Что за правила? Что за порядки?
Мне уже наступают на пятки
И регламент велят соблюдать.
«Но всего интересней о том…»
Но всего интересней о том,
Для чего не придумали слов.
Не хочу оставлять на потом
Эту область загадок и снов.
Я хочу поделиться – но чем?
Я опять прохожу – почему? —
Мимо животрепещущих тем,
Мимо смыслов, доступных уму,
Устремляясь к той сути, что меж
Слов отчётливых, найденных мной.
Я люблю эту узкую брешь.
Только ей доверяю одной.
«О, как надоело с земными делами возиться…»

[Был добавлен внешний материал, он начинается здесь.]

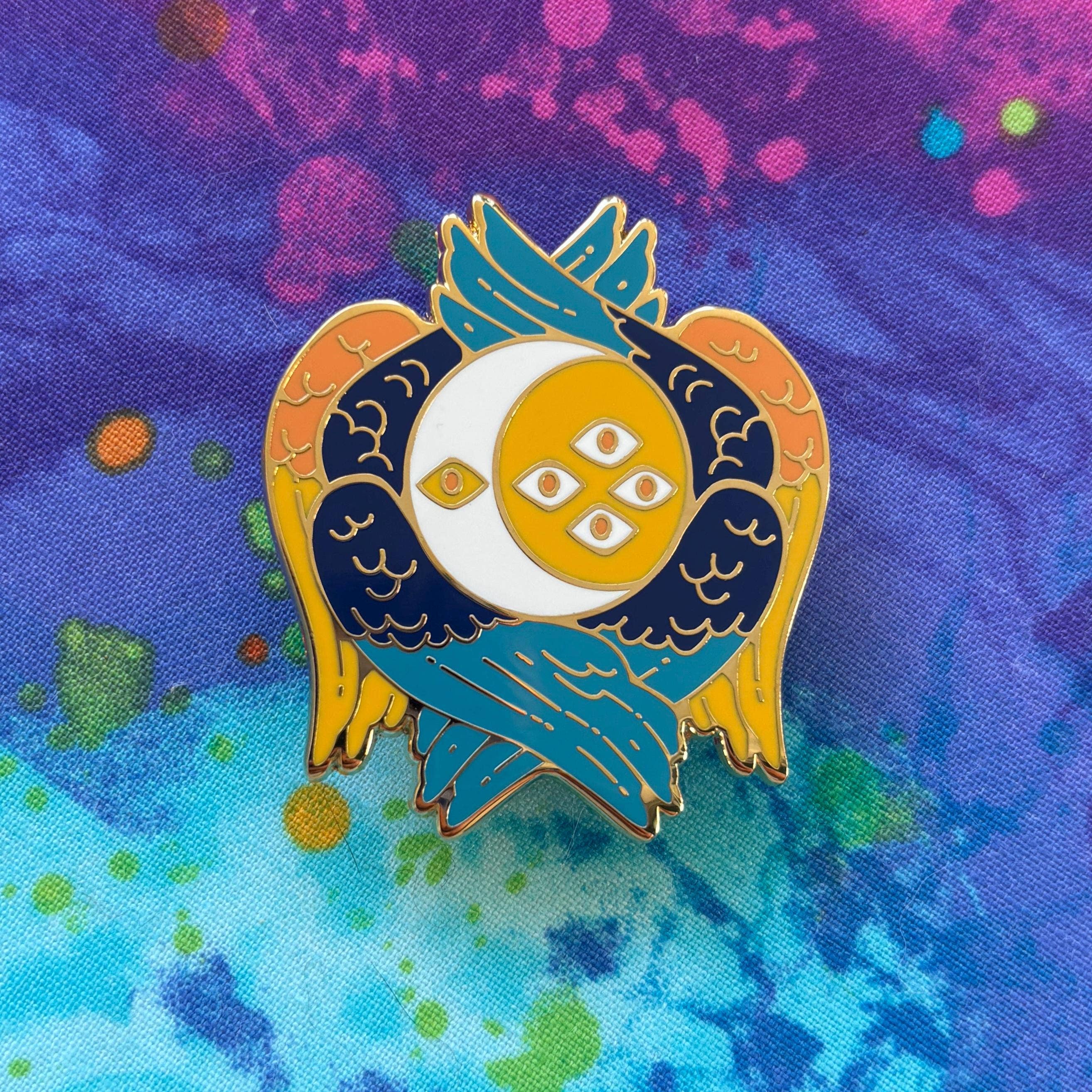 This pin is 1.8 inches long with gold plating. It has hard enamel, two pin posts, and rubber backings.

О, как надоело с земными делами возиться,
Как хочется, взмыв высоко, от небес заразиться.
Их невозмутимостью, и тишиной, и покоем.
А вдруг, глядя сверху на землю, такое откроем!

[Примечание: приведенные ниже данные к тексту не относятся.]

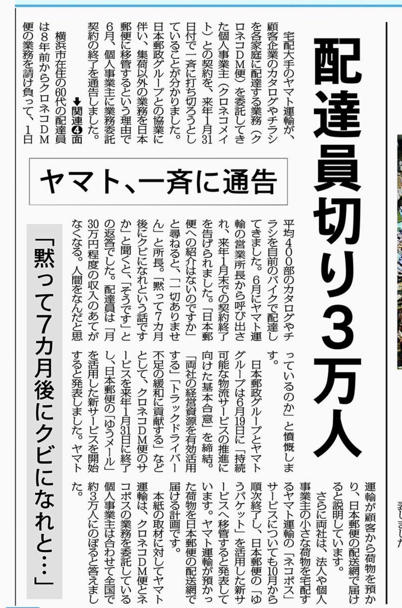 【ヤマト運輸が3万人との契約を来年1月で打ち切り】 60代配達員「黙ってクビになれという話か」☞「そうです」 🧐クロネコDM配達を委託してきた個人事業主の首切り 配達員の多くは年金だけでは生活厳しい高齢者達🧓 #2024年問題 #台風一過 パスワード pic.x.com/EgT6aE2pt6

Откроем, что надо давно изменить угол зренья
На тот, что был нужен Создателю в пору Творенья.
«Ох, как надоело с земными делами возиться!..»
Ох, как надоело с земными делами возиться!
Как хочется, взмыв высоко, от небес заразиться
Их невозмутимостью, их тишиной и свеченьем…
Постой-ка, а вдруг они тоже считают мученьем
Юдоль свою. Вдруг им так холодно и одиноко,
Что с завистью смотрит на землю небесное око —
Здесь есть кому плакать, и петь, и чудить, и смеяться.
А вдруг небу хочется с грешной землёй поменяться.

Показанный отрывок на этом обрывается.